* [Exercise]: Leaving the pictures out, print the lines from the first line of the listing through the line containing "Krótkie kozaczki damskie", exactly as they read, and no others.

BEGIN

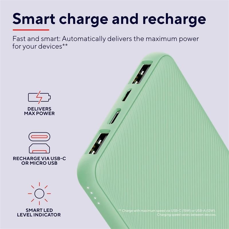 La batería externa Trust Primo de 10 000 mAh es rápida e inteligente: ofrece automáticamente la potencia máxima para los dispositivos**. Además, la batería externa se puede recargar rápidamente con el cable micro-USB incluido o a través del puerto USB-C. El indicador de nivel LED inteligente de la batería externa permite saber cuándo es el momento de recargar.
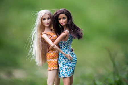 Mulhouse - France - 3 May 2021 - Portrait of two Barbie dolls wearing summer dresses standing in a meadow
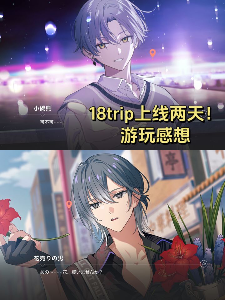 💗18TRIP💗iOS/Android💖游戏总评模拟经营类手游吧,和一群美男共同振兴18区旅游业!💘游戏特点——主人公玩家在游戏中扮演的角色,其性别的选择随意,男女皆可,不会影响之后的剧情发展;——特色塔防风「款待式战斗」 操作简单(有点像保卫🥕);「研修旅行功能」 让喜欢的组合前往旅行,收集土产与研修报告,建设经营这类型的,我个人一直都很喜欢,规划类游戏整体下来的感觉,到游戏后期
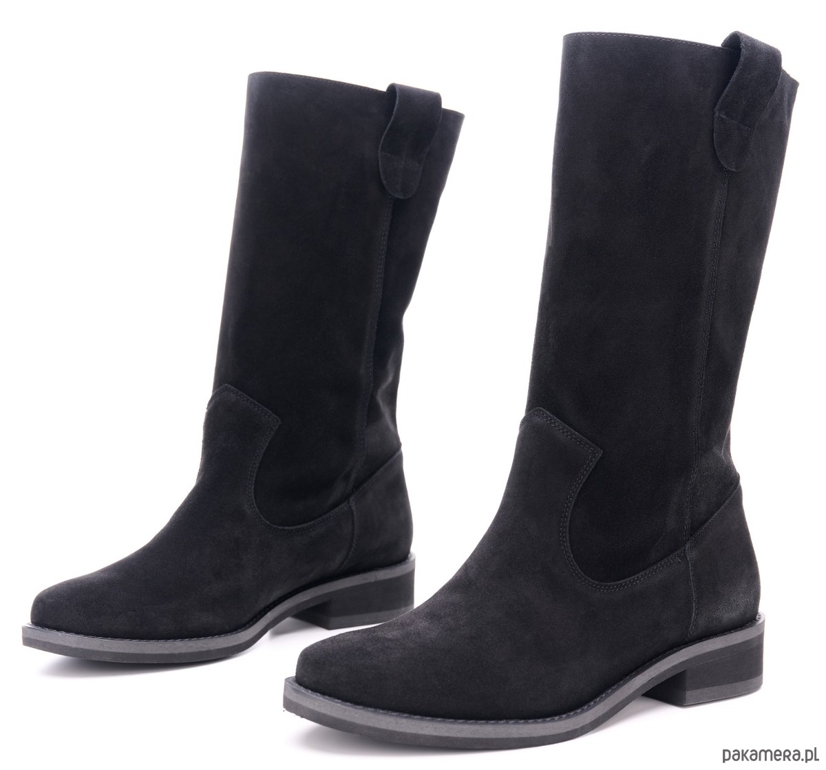 Krótkie kozaczki damskie na obcasie, wykonane ze skóry naturalnej, nubuku, miękkiej w dotyku. Buty wciągane, futrówka tylko na stopie.
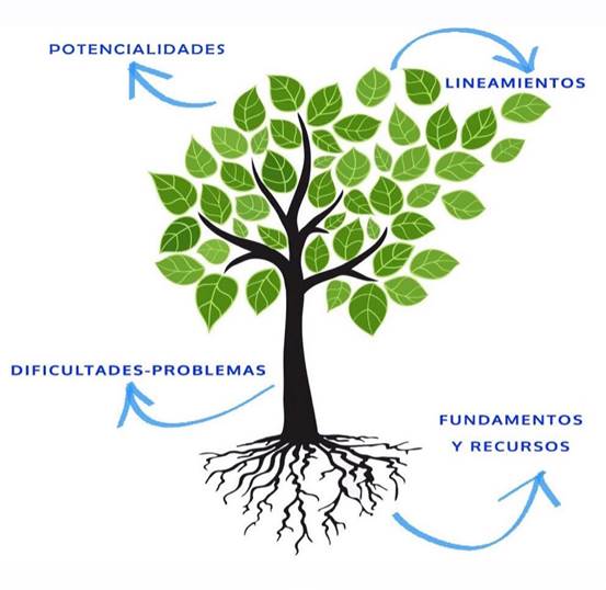 Sin embargo, existen otras perspectivas de abordaje del PT desde un enfoque multidimensional (socio-cultural, económico-productivo, político-institucional y ambiental) a partir de la identificación de variables y criterios de equidad, sostenibilidad, competitividad y gobernabilidad, que permiten comprender la realidad más allá de la arista económica, donde se articulan diversos enfoques, considerando como punto de partida el análisis del sistema territorial desde la complejidad (Muñoz Wilches, 2012; PNUD, 2014). De esta manera, abordamos el concepto de PT mediante la metáfora de un árbol (Figura 4) (Crissi Aloranti, 2019). Lo que refleja la integración de los subsistemas (ambiental, socioeconómico y político-institucional), cuyas funcionalidades y dinámicas le brindan la estructura al sistema territorial local-regional. Desde esta visión holística se identifican las potencialidades, problemas y recursos de los subsistemas mencionados, correspondientes a las comunas que conforman las regiones. La copa del árbol representa las potencialidades; el tronco los problemas y dificultades; las raíces los recursos y fundamentos, que son los que sustentan el potencial urbano-ambiental de las comunas de la región. Los lineamientos de OT y sus acciones se desprenden de las hojas, los que necesitan de una estructura para definirse y ejecutarse.
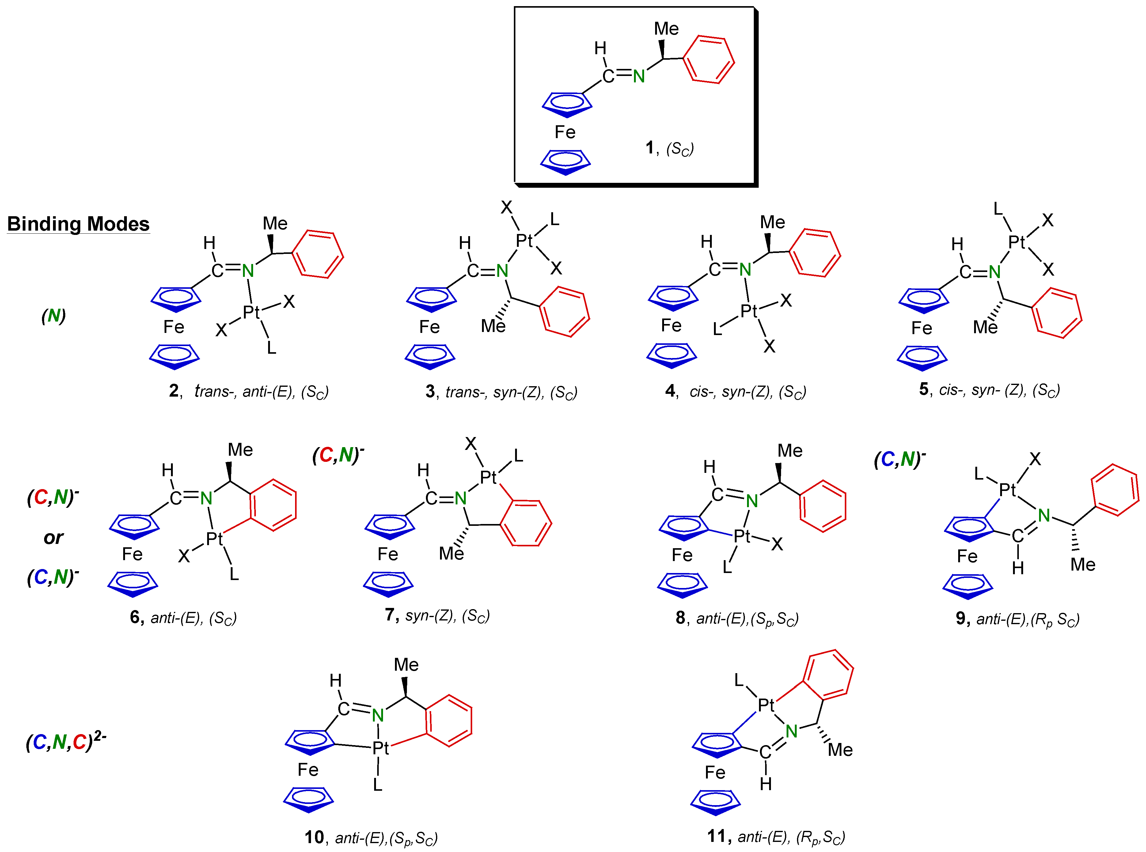 - López, C.; Caubet, A.; Pérez, S.; Solans, X.; Font-Bardía, M.; Molins, M. Chiral Platinum(II) Compounds Containing Ferrocenyl Schiff Bases Acting as (N), (N,O)−, [C(sp2,ferrocene),N]− or [C(sp2,ferrocene),N,O]2− Ligands. Eur. J. Inorg. Chem. 2006, 3974–3984. [Google Scholar]
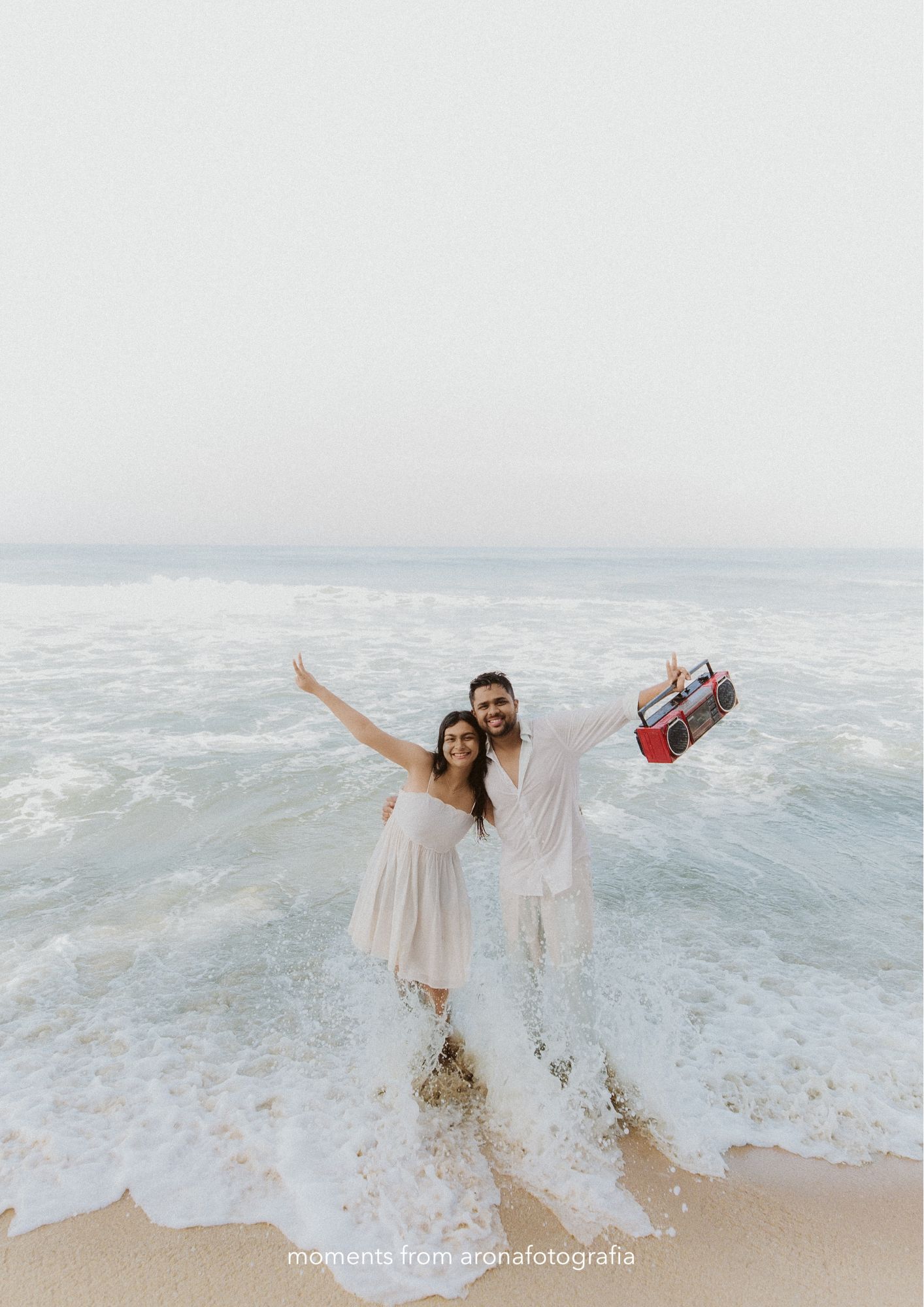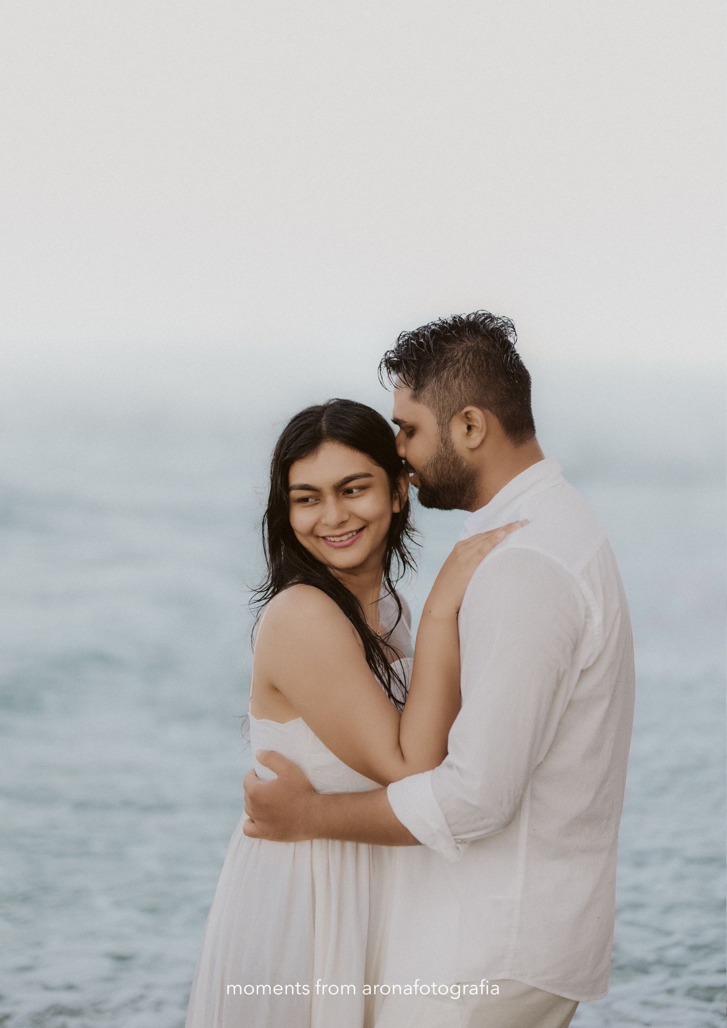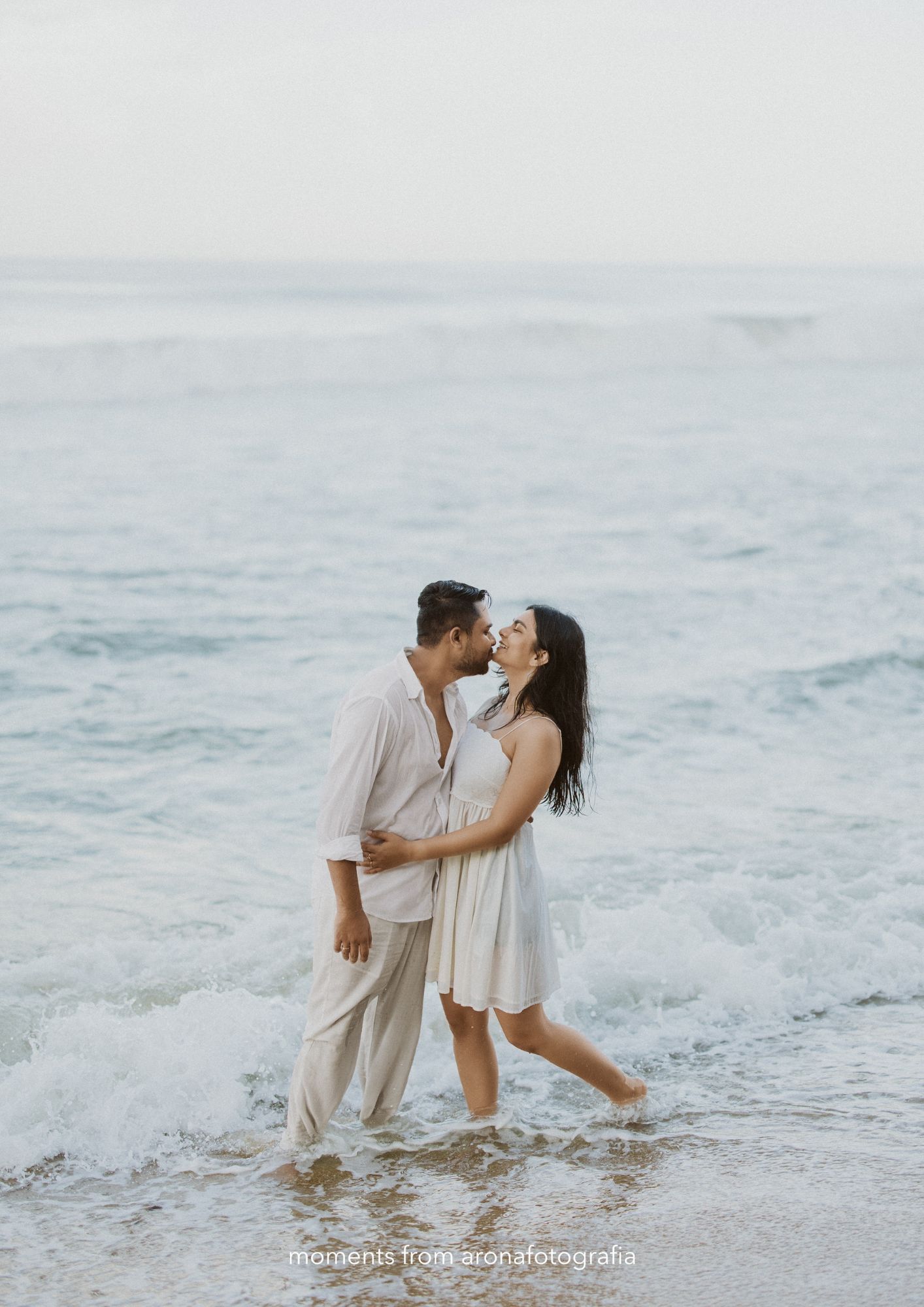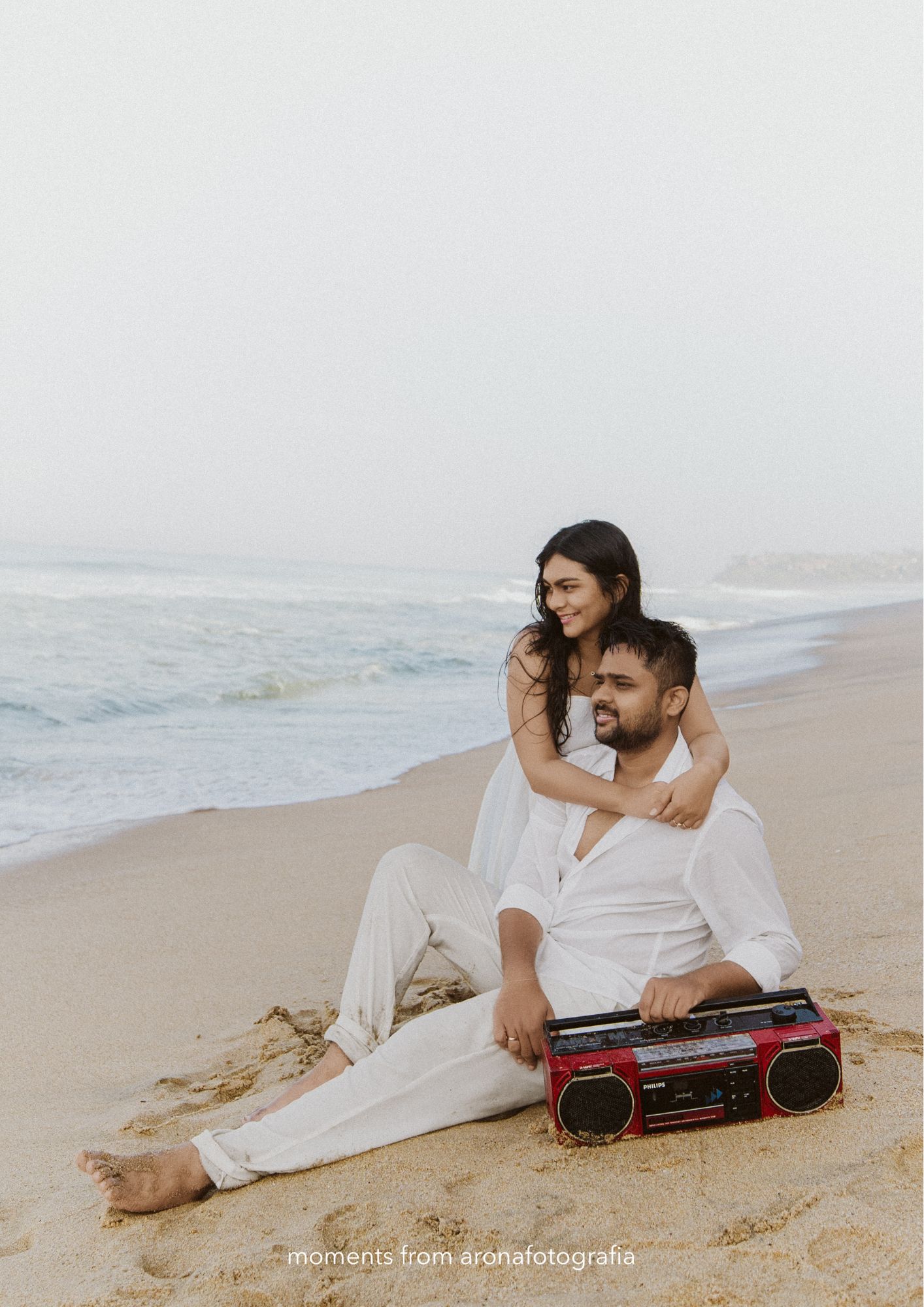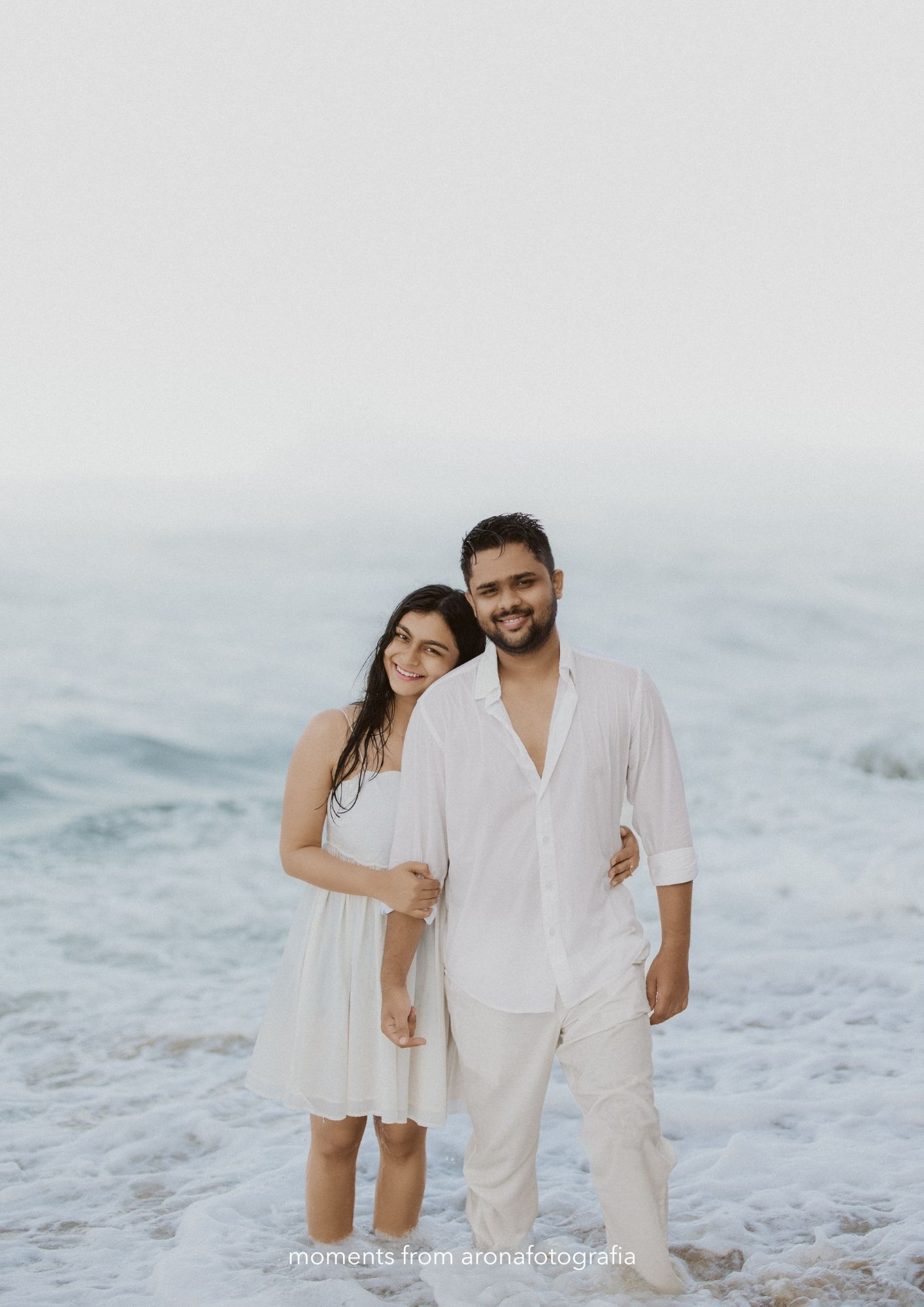 Saharsh and Rishika’s pre-wedding shoot beautifully captured the charm of love, laughter, and togetherness at the stunning Varkala Beach in Kerala. Shot during the early morning hours, the soft golden light and calm waves created a dreamy, romantic atmosphere. Dressed in breezy outfits that matched the beach vibe, the couple radiated pure joy and connection as they enjoyed every candid moment by the shore. The combination of natural light, ocean breeze, and their effortless chemistry made every frame come alive. This beach pre-wedding shoot in Kerala perfectly blends fun, freedom, and romance a beautiful visual story captured by Arona Fotografia, one of the best pre-wedding photographers in Kerala.

END

* [The answer]:
 La batería externa Trust Primo de 10 000 mAh es rápida e inteligente: ofrece automáticamente la potencia máxima para los dispositivos**. Además, la batería externa se puede recargar rápidamente con el cable micro-USB incluido o a través del puerto USB-C. El indicador de nivel LED inteligente de la batería externa permite saber cuándo es el momento de recargar.
 Mulhouse - France - 3 May 2021 - Portrait of two Barbie dolls wearing summer dresses standing in a meadow
 💗18TRIP💗iOS/Android💖游戏总评模拟经营类手游吧,和一群美男共同振兴18区旅游业!💘游戏特点——主人公玩家在游戏中扮演的角色,其性别的选择随意,男女皆可,不会影响之后的剧情发展;——特色塔防风「款待式战斗」 操作简单(有点像保卫🥕);「研修旅行功能」 让喜欢的组合前往旅行,收集土产与研修报告,建设经营这类型的,我个人一直都很喜欢,规划类游戏整体下来的感觉,到游戏后期
 Krótkie kozaczki damskie na obcasie, wykonane ze skóry naturalnej, nubuku, miękkiej w dotyku. Buty wciągane, futrówka tylko na stopie.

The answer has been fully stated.